All strategies are voluntary which means any project is eligible to attempt certification. This also creates flexibility to focus on areas considered most important for the space.

The strategies are categorised into 12 sections:

  1. Location
  2. Building access
  3. Outdoor spaces
  4. Entrances and ground floor
  5. Stairwells
  6. Indoor environments
  7. Workspaces
  8. Shared spaces
  9. Water supply
  10. Prepared food areas
  11. Vending machines and snack bars
  12. Emergency preparedness

Fitwel ratings

Fitwel projects are rated as follows:

• One star (90-104 points)

• Two star (105-124 points)

• Three star (125-144 points)

Fitwel ambassadors

The online ambassador programme provides training and professional recognition. It explains the reasoning behind the Fitwel assessment, details on the strategies and how the assessment is conducted. Fitwel ambassadors guide clients through the certification process, using the online tool.

Viral response module

In response to COVID-19, Fitwel has released a 'Viral Response Module'. This builds on - and actions - the global scientific evidence around managing risks from viral epidemics. It establishes data-driven strategies that mitigate viral transmission, build trust, and create healthy environments for all occupants.

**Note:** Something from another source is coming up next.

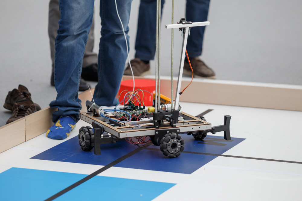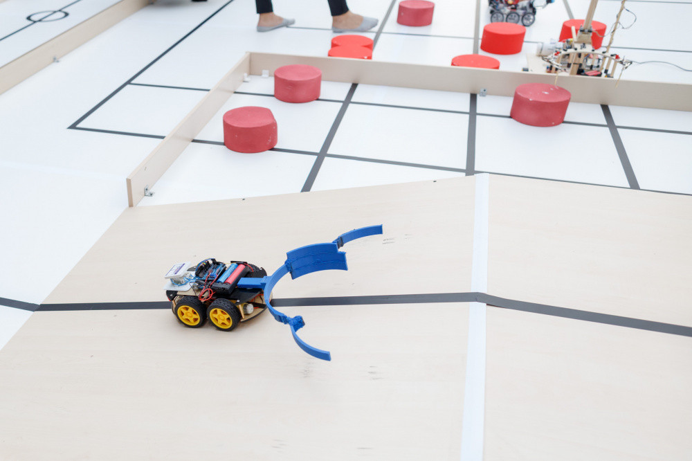 Задача перед участниками - на скорость передвигать и доставлять грузы до конечной точки. Задание нужно выполнить за три минуты. Каждая команда представила по два робота, управляемого и автоматического.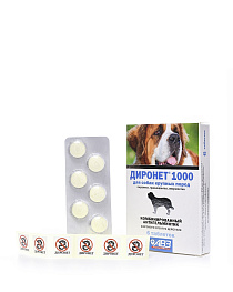 Диронет® 1000 предназначен для собак крупных пород, содержит в одной таблетке пирантела памоат 450 мг, празиквантела 150 мг и ивермектина 0,18 мг. Доза - 1 таблетка на 30 кг массы тела животного.

The module's strategies aim to minimise the spread of other infectious respiratory diseases, including influenza and legionnaires' disease.

Fitwel costs

The one-time registration fee is $500 for each project. The certification costs are then based on the size of the building or space and start at around $6K. Certification is valid for three years and re-certification can be initiated at any time for $500 within these three years.

The viral response module has a one time registration fee of $500 and an annual certification fee of $4,500. Once a first space is verified, additional spaces can be registered for $200 per space as long as they fully align to the module requirements.